WASHINGTON – Postmaster General Louis DeJoy was tasked to immediately expand mail delivery with additional travel and later deliveries after the U.S. Postal Service's performance had not improved less than a week before the election.
US District Judge Emmet Sullivan in Washington on Tuesday evening granted an emergency petition to enforce and monitor compliance with an earlier warrant he had ordered. The ruling is a victory for civil rights groups and democratically-led states who have claimed in several court cases that the changes undermined the election in favor of President Donald Trump.
"USPS personnel are being instructed to make late and extra travel as needed to increase on-time mail delivery, especially for election mail," Sullivan said. "To be clear, late and extra journeys should be done to the same or greater extent than before July 2020, if this would lead to more timely mail delivery."
Timely delivery of First Class mail fell to 69.8% on Tuesday, down more than 6 percentage points from previous days, the USPS said in a court filing Wednesday.

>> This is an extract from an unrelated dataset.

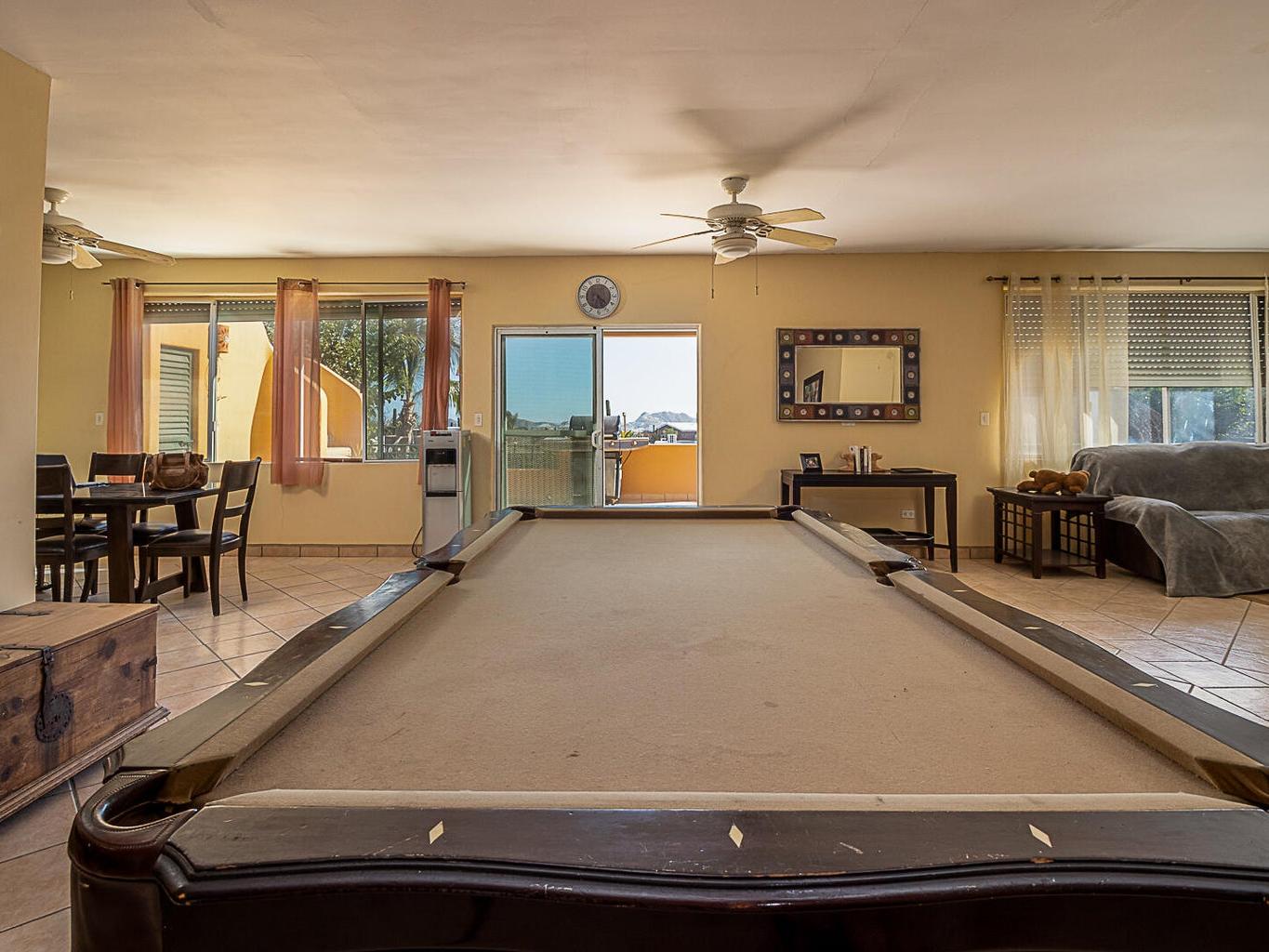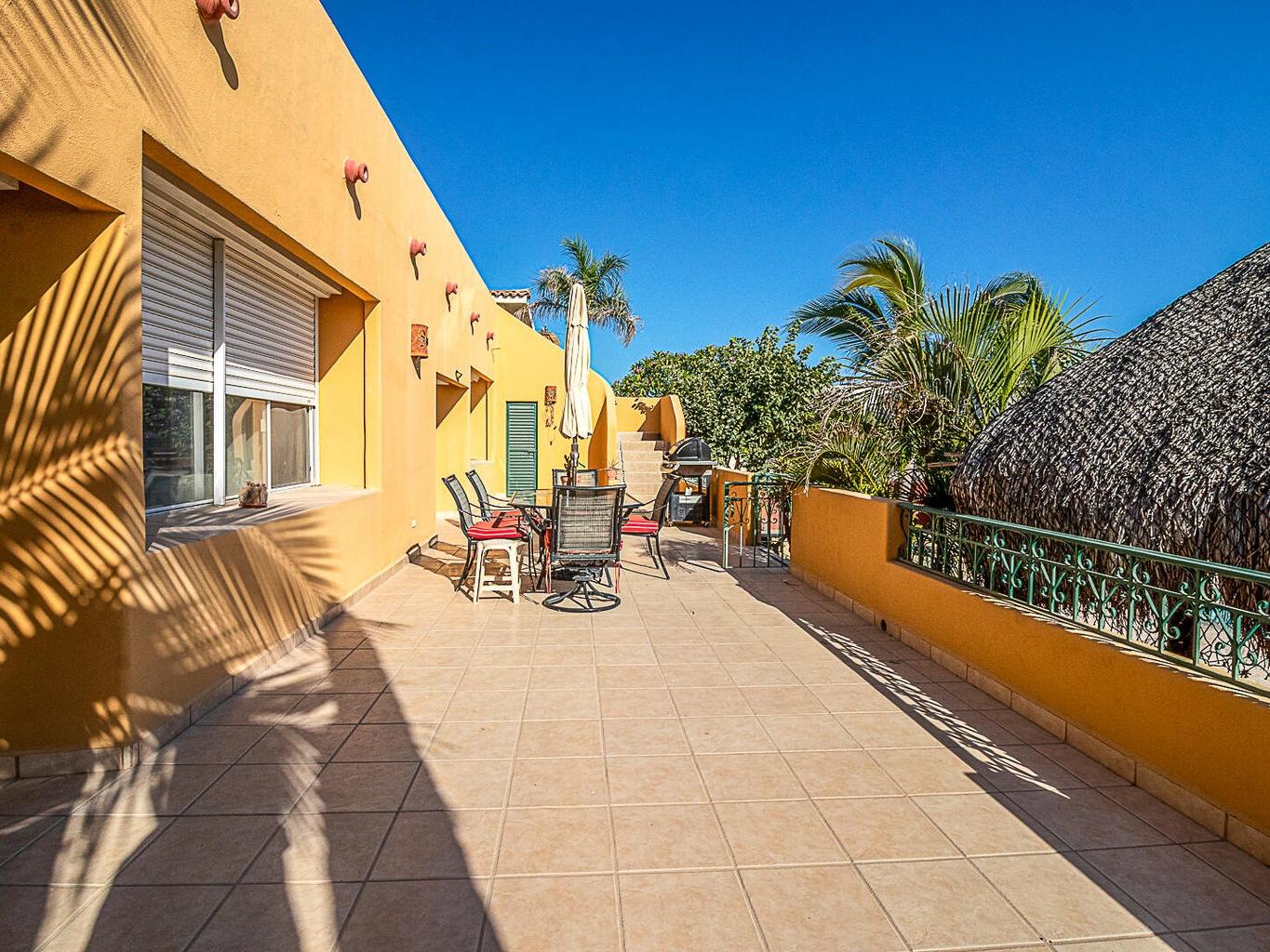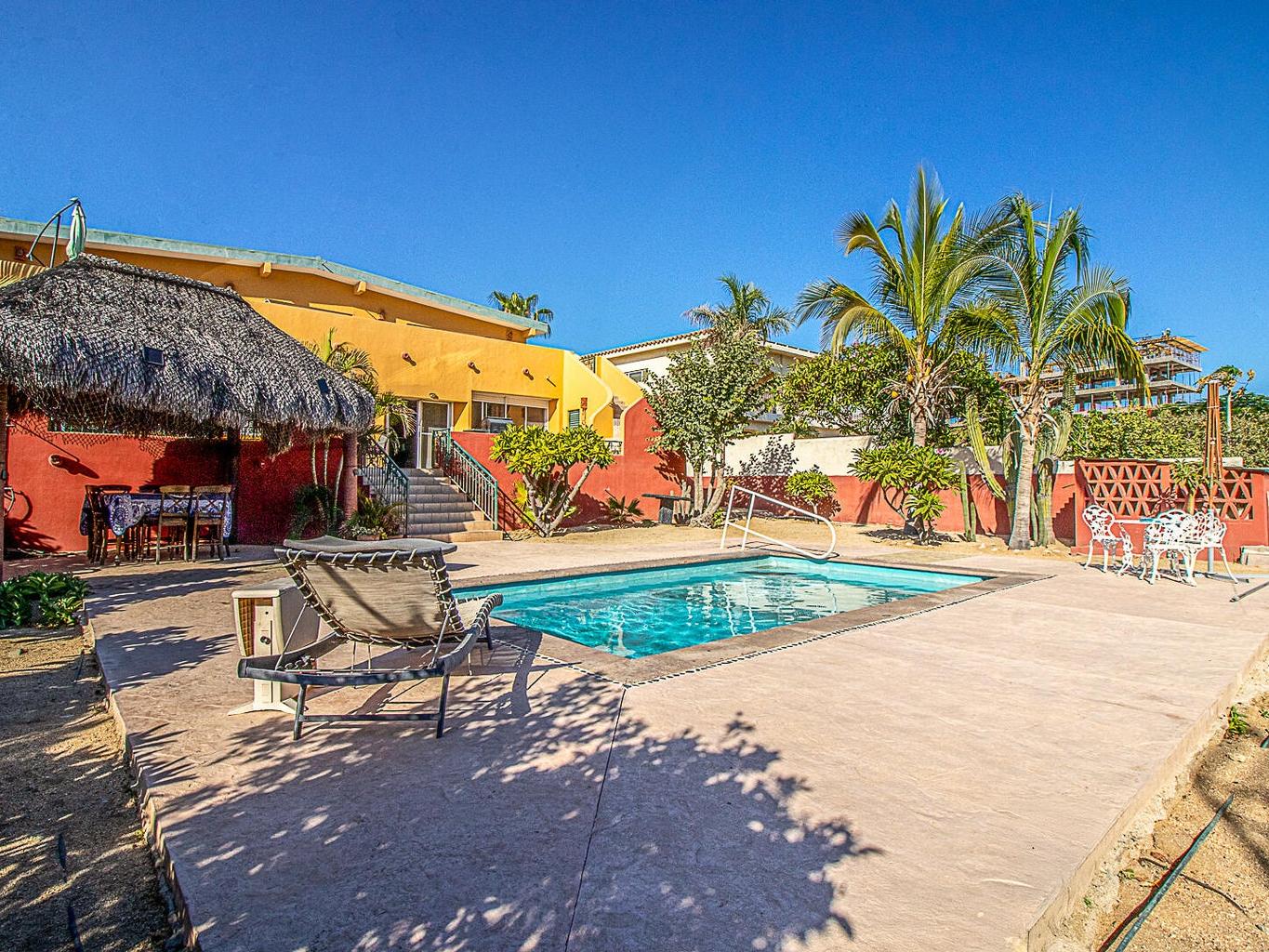 With 6 bedrooms, 6 full bathrooms, including a luxurious hydromassage bathtub on the upper-level bathroom, this two-story gem features a sparkling private pool surrounded by lots of exterior decking that includes a charming palapa area—perfect for relaxing or great for entertaining under the Baja sun.

Mail delivery has taken on a new urgency with an increase in the use of mail-in ballots during the pandemic and Republican attempts to block the counting of ballots arriving after election day, even if they are sent on time. And conservative justices of the US Supreme Court said this week that counting ballots coming in after election day could lead to "allegations of falsified elections."
“DeJoy was unable or unwilling to recover what he broke within the Postal Service and get our mail delivery back to what it was before he started work,” Rep. Gerald E. Connolly, the Democratic Chair of the Subcommittee on Government Operations, said in an emailed statement. "As serious delays in performance persist, especially in certain urban areas, I urge any American who has not yet voted to do so in person or by delivering their ballots to appropriately designated election offices or dropboxes."
Sullivan gave DeJoy until Thursday to direct the USPS leadership across the country with state-specific ballot deadlines and remind them to "ensure that completed ballots reach the correct election official within the state-set deadline. . "
Sullivan ordered DeJoy to issue a one-page notice advising managers to withdraw July's guidelines limiting the use of late and extra delivery rides. The USPS has argued that it complied with the earlier order and that data showing a sharp drop in overtime and late travel use had nothing to do with election mail. The judge said he wants to be informed daily by the USPS about the use of late travel.
USPS spokesman Dave Partenheimer said in a statement Wednesday that the postal service is complying with the injunction and taking its legal obligations "very seriously."
"We are taking extraordinary measures – expedited checkout, additional deliveries and special collections – in accordance with the practices used in previous elections to speed up ballot delivery to the intended destination," said Partenheimer.